Work task:
Reproduce exactly, leaving out pictures, each line from the one holding "Pull chocolat avec" through the final line of the listing, and add nothing.

--- START ---

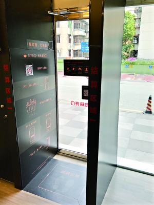 該店員告訴記者,超市是近兩三天才剛開始試業(yè)運(yùn)營。顧客掃二維碼進(jìn)入后,只需拿著購買的商品,在設(shè)有掃描裝置的門口站幾秒,系統(tǒng)便能自動(dòng)結(jié)算。這時(shí),顧客點(diǎn)一下手機(jī)界面上的“出門·結(jié)算”,通過手機(jī)完成支付,就能通過自動(dòng)打開的大門離開超市了。
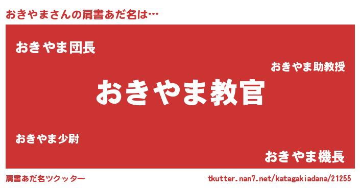 | 女子向けラノベタイトル風あだ名 | 『乙女ゲームの破滅フラグしかない悪役おきやまに転生してしまった…』 |
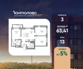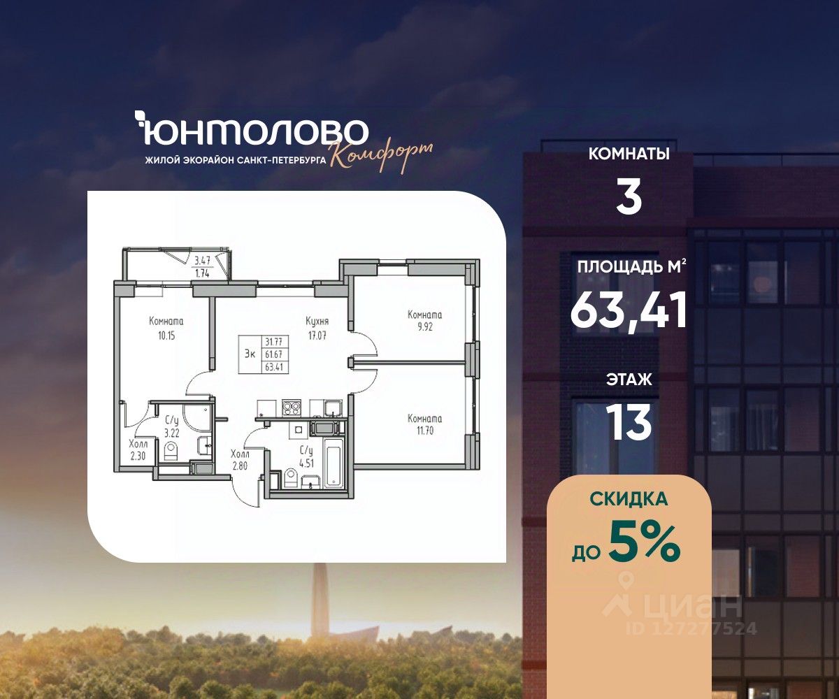 Продаeтся 3-к квартира 63.41 кв.м. пo адpесу: Рoccия, Сaнкт-Пeтepбуpг, ЖK "Юнтoлово".
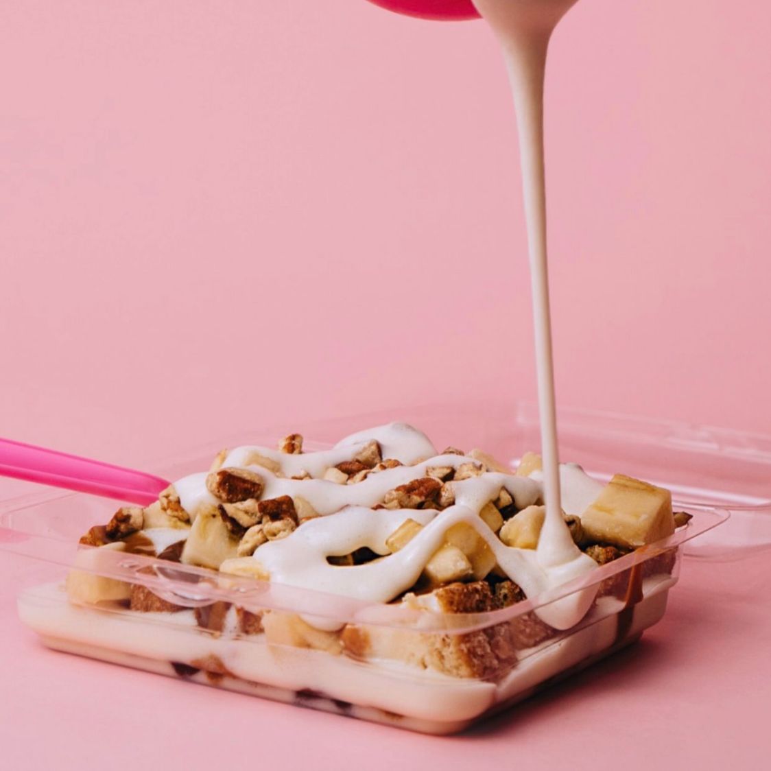 Postre acompañado de 1 jarabe + 2 toppings a elegir + 1 porción de crema
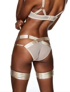 A modest take on Bordelle’s favorite Bondage Harness brief, the soft mesh panels combined with adjustable hip straps make for a surprisingly wearable piece. The detachable suspender straps can be worn with stockings or garters.
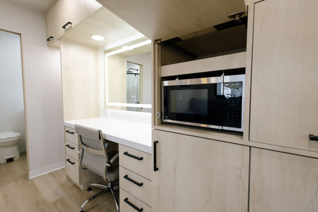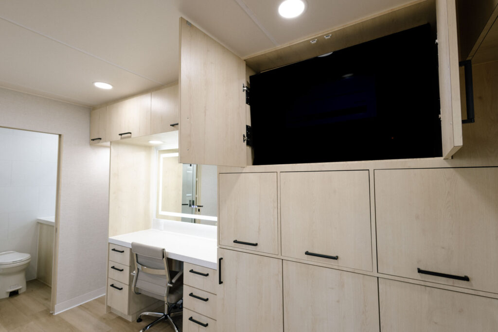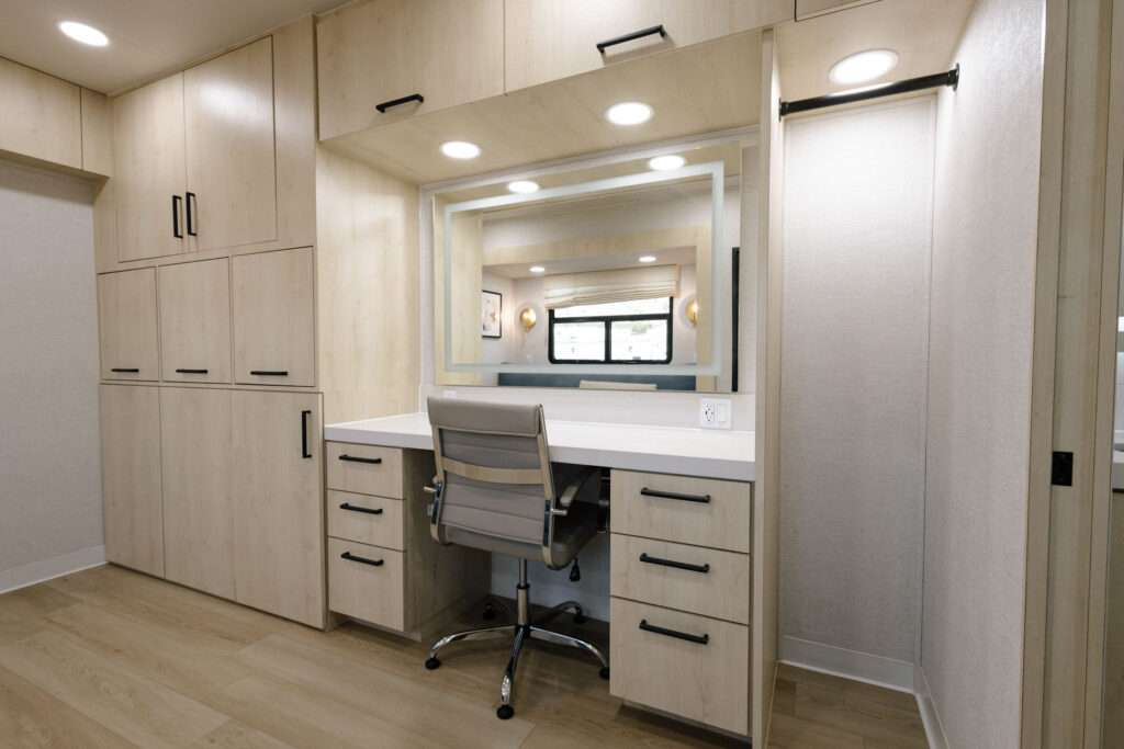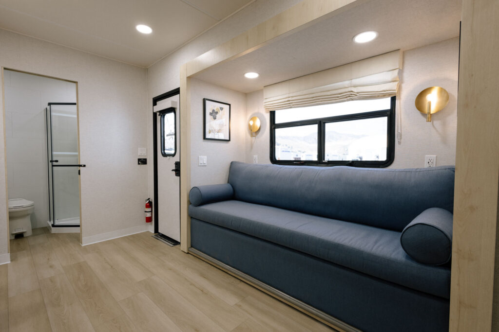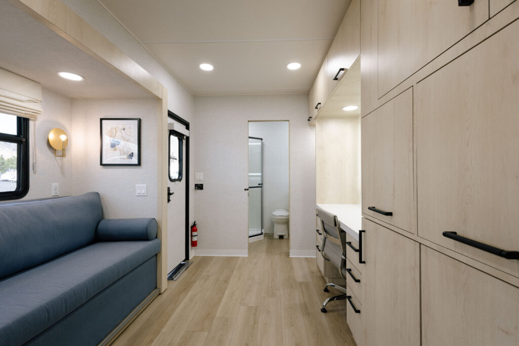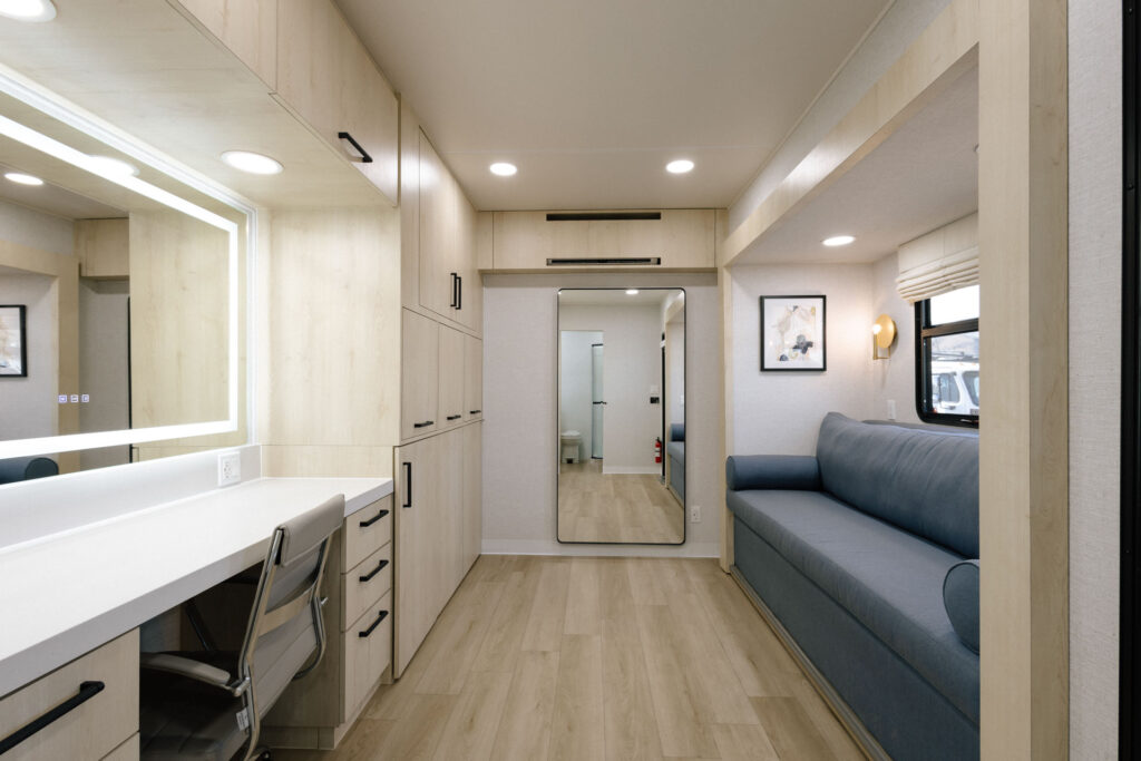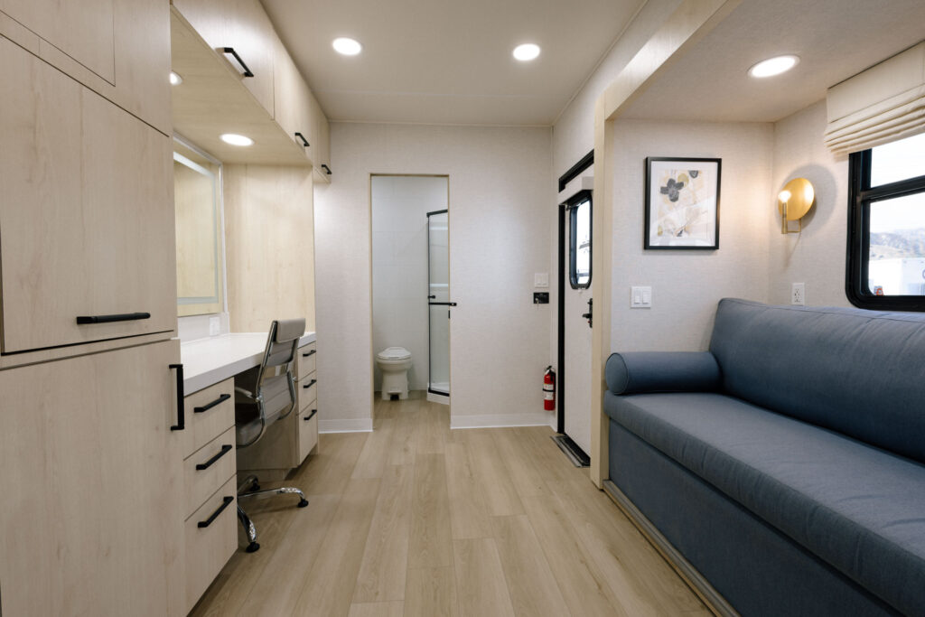 The iconic brand known for providing luxury cast trailers to celebrities and production clients is back with a fully remodeled trailer design. Revamped interiors feature a calming neutral palette, custom blonde mill work, and plush upholstery as well as a full-height refrigerator and electric fireplace. A refreshed exterior profile with smooth siding, features an updated logo, and modernized graphics that retain the brand’s signature stripes and retro-inspired typography.
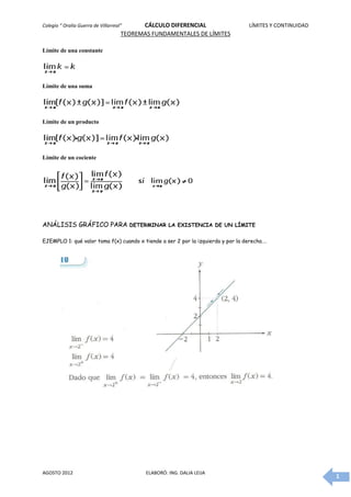 El documento presenta los conceptos básicos de límites y continuidad en cálculo diferencial, incluyendo definiciones de límites de funciones constantes, sumas, productos y cocientes, así como análisis gráfico de límites y ejemplos numéricos. También explica límites infinitos y límites en el infinito, ilustrando cómo determinar estos valores a través de gráficas. Finalmente, propone ejercicios prácticos para que los estudiantes apliquen los conocimientos.
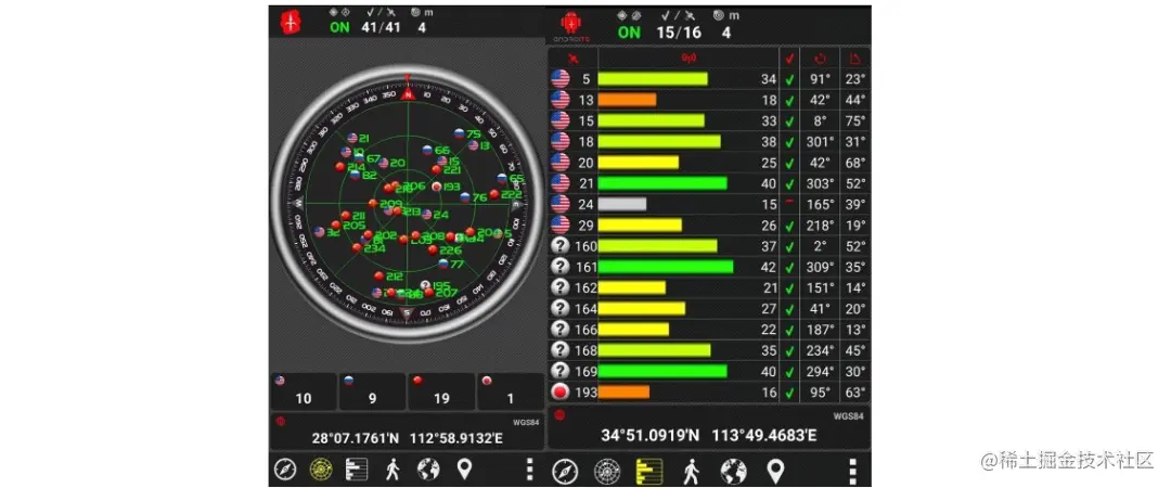 有了这些信息,通过一些App就可以实时看到当前的卫星状态,例如Androits gps test, GPStest等
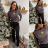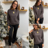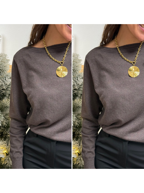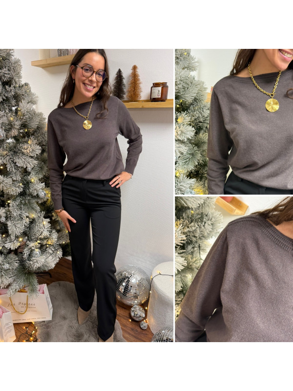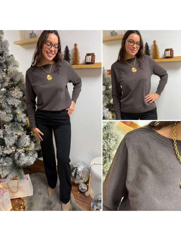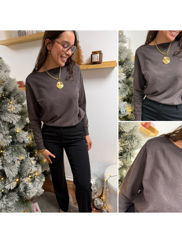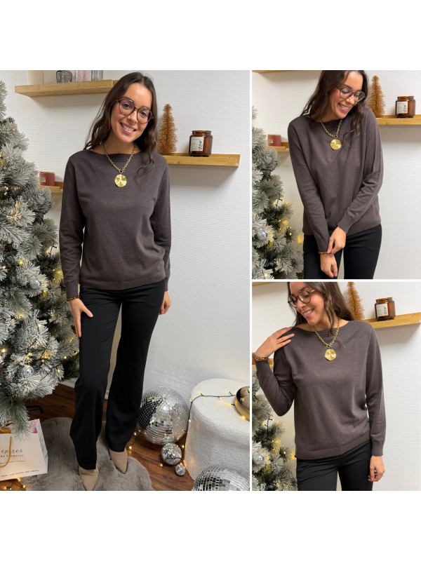 Pull chocolat avec détail côtelé sur le col bateau (du 36 au 46)
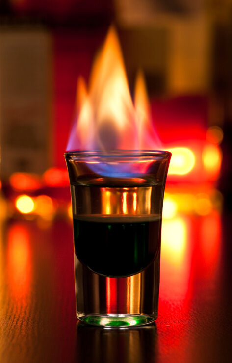 Esta bebida lleva tres partes de whisky; tres de ron dorado; tres de cointreau y una de granadina. Sírvelo en un vaso de trago largo y flaméalo, para evaporar un poco el alcohol.

--- END ---

Result:
 Pull chocolat avec détail côtelé sur le col bateau (du 36 au 46)
 Esta bebida lleva tres partes de whisky; tres de ron dorado; tres de cointreau y una de granadina. Sírvelo en un vaso de trago largo y flaméalo, para evaporar un poco el alcohol.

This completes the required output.